Fig. 24 (a) Influencing factors of KMS at different glucose concentrations. (b) Simulation curve of blood glucose change and drug controlled release. |
The micron-sized needle body of polymer GSMSs prevents damage to dense neural networks and vascular tissues when penetrating the skin. In addition, the specific recognition of glucose concentration by the glucose-sensitive model can control insulin release more accurately. Currently, polymer GSMSs are associated with some issues, which require optimization and improvement. For instance, when preparing the microneedle, it is vital to increase the production effectiveness, guaranteeing the microneedle yield, while the microneedle should have certain mechanical strength, improved biocompatibility, and anti-inflammatory effect, encouraging additional features such as wound healing. It is necessary to consider the age, disease characteristics, and personal preferences of diabetic patients when choosing glucose control medications. Thus far, GSMS-based studies have progressed from mice and rats to larger mini pigs, bringing them closer to human applications. In addition, related clinical trials are also being actively prepared and carried out. It is certain that GSMSs have shown effective therapeutic effects and significant therapeutic advantages in blood glucose control, and the safety evaluation system for GSMS is becoming more and more comprehensive and perfect. Although there are still some problems to be solved, such as the drug utilization rate of GSMSs, long-term treatment time, monitoring of drug release and other aspects to be further improved, the results achieved have given great confidence and motivation to continue further research.

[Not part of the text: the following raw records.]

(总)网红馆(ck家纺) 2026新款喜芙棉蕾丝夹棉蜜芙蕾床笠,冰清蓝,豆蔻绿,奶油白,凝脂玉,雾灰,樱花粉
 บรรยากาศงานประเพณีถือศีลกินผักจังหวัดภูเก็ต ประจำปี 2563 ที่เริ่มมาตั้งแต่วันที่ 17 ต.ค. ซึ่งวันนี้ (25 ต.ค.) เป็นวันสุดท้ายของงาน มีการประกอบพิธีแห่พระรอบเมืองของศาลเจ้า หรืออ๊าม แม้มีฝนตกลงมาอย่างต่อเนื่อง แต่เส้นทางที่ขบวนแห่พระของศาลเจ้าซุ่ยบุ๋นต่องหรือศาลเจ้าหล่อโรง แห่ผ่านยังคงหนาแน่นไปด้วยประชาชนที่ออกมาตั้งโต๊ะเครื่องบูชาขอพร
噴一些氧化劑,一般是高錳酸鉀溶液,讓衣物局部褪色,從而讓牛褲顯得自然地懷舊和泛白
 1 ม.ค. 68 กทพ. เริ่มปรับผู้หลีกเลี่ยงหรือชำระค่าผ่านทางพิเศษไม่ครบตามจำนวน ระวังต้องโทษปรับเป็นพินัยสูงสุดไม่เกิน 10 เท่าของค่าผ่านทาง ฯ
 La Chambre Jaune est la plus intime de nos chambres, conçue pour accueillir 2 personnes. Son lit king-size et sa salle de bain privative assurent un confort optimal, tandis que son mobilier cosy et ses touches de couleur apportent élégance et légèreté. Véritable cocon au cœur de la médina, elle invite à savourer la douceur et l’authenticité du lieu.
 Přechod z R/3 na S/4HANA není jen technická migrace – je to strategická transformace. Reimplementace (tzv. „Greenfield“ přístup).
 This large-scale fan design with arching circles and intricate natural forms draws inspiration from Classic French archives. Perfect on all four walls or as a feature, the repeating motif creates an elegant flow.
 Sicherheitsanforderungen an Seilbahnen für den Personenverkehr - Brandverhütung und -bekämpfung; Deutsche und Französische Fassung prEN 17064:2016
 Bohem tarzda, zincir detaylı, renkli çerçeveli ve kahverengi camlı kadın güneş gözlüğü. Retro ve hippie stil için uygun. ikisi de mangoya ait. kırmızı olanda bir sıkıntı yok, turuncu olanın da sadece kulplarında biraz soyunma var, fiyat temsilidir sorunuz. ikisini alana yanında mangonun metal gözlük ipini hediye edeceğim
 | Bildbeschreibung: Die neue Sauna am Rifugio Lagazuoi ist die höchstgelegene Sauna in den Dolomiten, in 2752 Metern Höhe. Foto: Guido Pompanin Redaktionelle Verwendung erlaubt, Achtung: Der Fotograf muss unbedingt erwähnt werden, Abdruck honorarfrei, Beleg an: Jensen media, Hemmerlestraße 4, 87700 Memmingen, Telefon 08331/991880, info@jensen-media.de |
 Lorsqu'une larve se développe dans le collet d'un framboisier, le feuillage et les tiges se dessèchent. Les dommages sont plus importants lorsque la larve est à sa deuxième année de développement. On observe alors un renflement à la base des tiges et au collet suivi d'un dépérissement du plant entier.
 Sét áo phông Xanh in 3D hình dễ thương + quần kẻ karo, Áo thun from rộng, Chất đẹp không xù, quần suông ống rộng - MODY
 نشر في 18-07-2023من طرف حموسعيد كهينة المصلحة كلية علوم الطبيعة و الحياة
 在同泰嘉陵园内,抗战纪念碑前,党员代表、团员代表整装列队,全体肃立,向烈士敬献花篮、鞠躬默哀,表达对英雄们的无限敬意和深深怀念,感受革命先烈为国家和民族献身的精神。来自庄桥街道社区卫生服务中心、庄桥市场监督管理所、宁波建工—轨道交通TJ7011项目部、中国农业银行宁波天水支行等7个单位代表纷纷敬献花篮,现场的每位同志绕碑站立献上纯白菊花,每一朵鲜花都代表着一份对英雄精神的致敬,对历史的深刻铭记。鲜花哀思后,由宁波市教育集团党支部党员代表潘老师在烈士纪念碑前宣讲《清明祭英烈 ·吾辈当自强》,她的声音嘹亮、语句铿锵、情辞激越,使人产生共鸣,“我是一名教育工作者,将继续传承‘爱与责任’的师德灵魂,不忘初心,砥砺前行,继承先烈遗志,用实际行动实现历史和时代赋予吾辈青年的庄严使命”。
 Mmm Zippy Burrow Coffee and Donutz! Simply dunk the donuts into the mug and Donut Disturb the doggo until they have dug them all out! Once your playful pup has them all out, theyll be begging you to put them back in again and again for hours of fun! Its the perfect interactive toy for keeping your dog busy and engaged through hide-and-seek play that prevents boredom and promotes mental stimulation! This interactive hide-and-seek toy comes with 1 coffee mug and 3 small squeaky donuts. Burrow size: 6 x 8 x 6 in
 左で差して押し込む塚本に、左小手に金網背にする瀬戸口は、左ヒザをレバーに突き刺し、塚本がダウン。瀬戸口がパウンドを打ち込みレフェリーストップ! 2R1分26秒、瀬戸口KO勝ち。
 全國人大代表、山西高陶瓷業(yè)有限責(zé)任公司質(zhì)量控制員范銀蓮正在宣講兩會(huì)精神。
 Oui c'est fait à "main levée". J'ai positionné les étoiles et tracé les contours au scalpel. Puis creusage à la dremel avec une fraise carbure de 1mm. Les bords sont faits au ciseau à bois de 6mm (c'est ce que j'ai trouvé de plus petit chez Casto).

The drug and microneedle materials must work well together given that the microneedle system is the most essential component for the glucose-sensitive factor to function properly. Additionally, it can quickly determine the blood glucose level and release the medication as needed in response to variations and changes in the blood glucose levels. Synchronizing the blood glucose regulation based on the variations in blood glucose. The size advantage of therapeutic GSMSs in terms of structure and intelligent, controllable adjustment of glucose-sensitive models can significantly increase patient compliance, improve the drug utilization, and lower the risk of overtreatment. Thus, the research on the microneedle system in the glucose-sensitive model has gradually advanced, making it more effective and intelligent. Finally, GSMSs have great potential as a substitute for the damaged pancreas of the human body to intelligently regulate the blood glucose and achieve the long-term effective treatment of diabetes. As the research progresses, GSMSs may evolve into an optimal diabetes management strategy. Potentially wearable GSMSs can be developed through integration with related technologies such as electronic messaging. Thus, combining the regulation and monitoring of blood glucose with other functions, GSMSs can truly solve the blood glucose disorder and related safety problems plaguing hundreds of millions of diabetic patients.